# Kind of caracter it takes to do Schutzhund



## trish07 (Mar 5, 2010)

What kind of caracter a dog should have to do Schutzhund? Nervous dog? sure dog? Strong dog? Agressive dog? Playfull dog?

Phenix is kind of nervous/anxious dog, and we've been told twice that this would be "good" for Schutzhund training....that it will help him be to be more selfconfident....well...

We didn't tried Schutzhund yet because we think Phenix needs to be more selfconfident and sure of himself before we start Schutzhund training, maybe we are wrong....

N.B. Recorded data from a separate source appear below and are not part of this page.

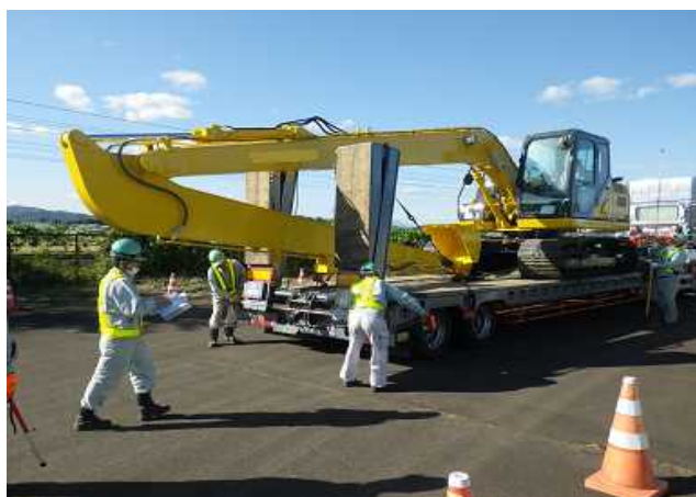
特殊車両の寸法測定状況
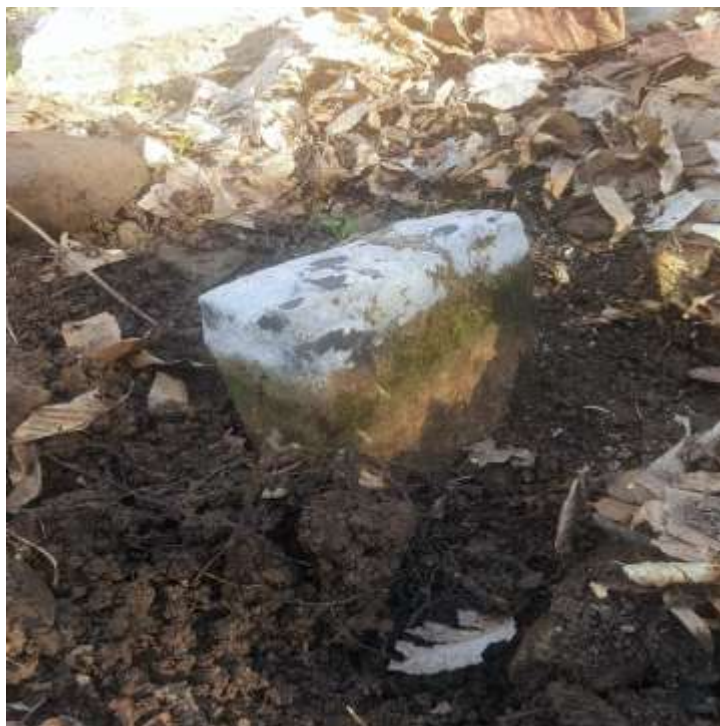
Slika 61. Fragmenti jednog nišana iz Kopjara

U selu Kučevci nije pronađen niti jedan nišan. U katastarskim popisima moguće je pronaći jednu parcelu koja u svom nazivu moguće da posjeduje groblje, ali nišana na tom prostoru nema, niti bilo kojih drugih nadgrobnih spomenika. Posljednje prezime iz ovog kraja su Crepulje, ali su oni vremenom odselili s ovog područja jer je putna infrastruktura koja povezuje selo u veoma lošem stanju.
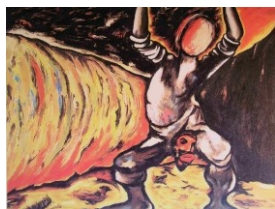
Enzo Cucchi, 1981/82 Hrdina bez tváře 203x255cm
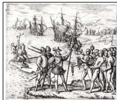
Gravure de Théodore de Bry

Le 3 août 1492, Christophe Colomb quitte l'Andalousie, à la tête de trois caravelles (la Niña, la Pinta et la Santa María) et 90 membres d'équipage. Après une escale aux îles Canaries, l'expédition se lance dans une traversée qui va durer 36 jours. Les caravelles débarquent le 12 octobre sur l'île de Guanahani dans les Bahamas actuelles. Le navigateur est convaincu d'avoir atteint les Indes. C'est pourquoi il baptise les hommes qui la peuplent "les Indiens". Les autochtones lui indiquent la présence d'or à Cuba. Il rejoint cette île le 28 octobre.

I just want to know if, one day, Phenix could be a good candidate for basic Schutzhund training? What it takes to a dog to be a good Schutzhund dog.

Thank you!


----------



## onyx'girl (May 18, 2007)

I would say no~a nervous unsure dog will not do well in SchH. It isn't a sport that will build confidence in a dog with this personality. Agility builds confidence...the dog sees what they've accomplished on the course set up and learn to excel(gaining a more confident attitude) There is no threat in agility.
Onyx is an anxious/not real sound in the nerve department and the protection phase scares her. She would be fine in the tracking and obedience phase, but never protection. It could be from the way she was exposed to it, but her nerves played into it bigtime. She saw dogs doing protection(inside) and hid under a chair, then when we had the opportunity to go outside, she released her anal glands...
A potential SchH dog needs to have steady nerves, lots of confidence to begin with and an athletic structure.
Take Phenix to a club and let them evaluate him, he may just be a sleeper and have it in him-or not.
The foundation as a puppy plays into it, too. If you correct a pup over and over, it will take more to bring out what they had beforehand.
When you get a pup for SchH, the way you work with them is a bit different than a companion type pup.


----------



## trish07 (Mar 5, 2010)

Wow thank you!!!


----------



## Liesje (Mar 4, 2007)

I would have an experienced person check out the dog and give you an opinion. If you want to try it, I would go ahead and do the evaluation. If it helps his confidence (if that is a problem), it will help through the training and development. If you are not sure how to boost his confidence it probably won't happen before you start training. My relationship with my dog totally changed (for the better) soon after I started SchH. I learned things I never would have on my own.


----------



## R3C0NWARR10R (Mar 26, 2010)

I started the training with both of my pups. One is high drive and loves every bit of what we are doing. My other does well in the tracking and fine in ob but he gets nervous sometimes and will not work much with the helpers. He has gotten better though. I was thinking about pulling him from the training because of the way he acts when we start doing the protection portion but the trainers exclaim that we just need to keep at it with him because his drives are there and that he just needs to come out of his shell.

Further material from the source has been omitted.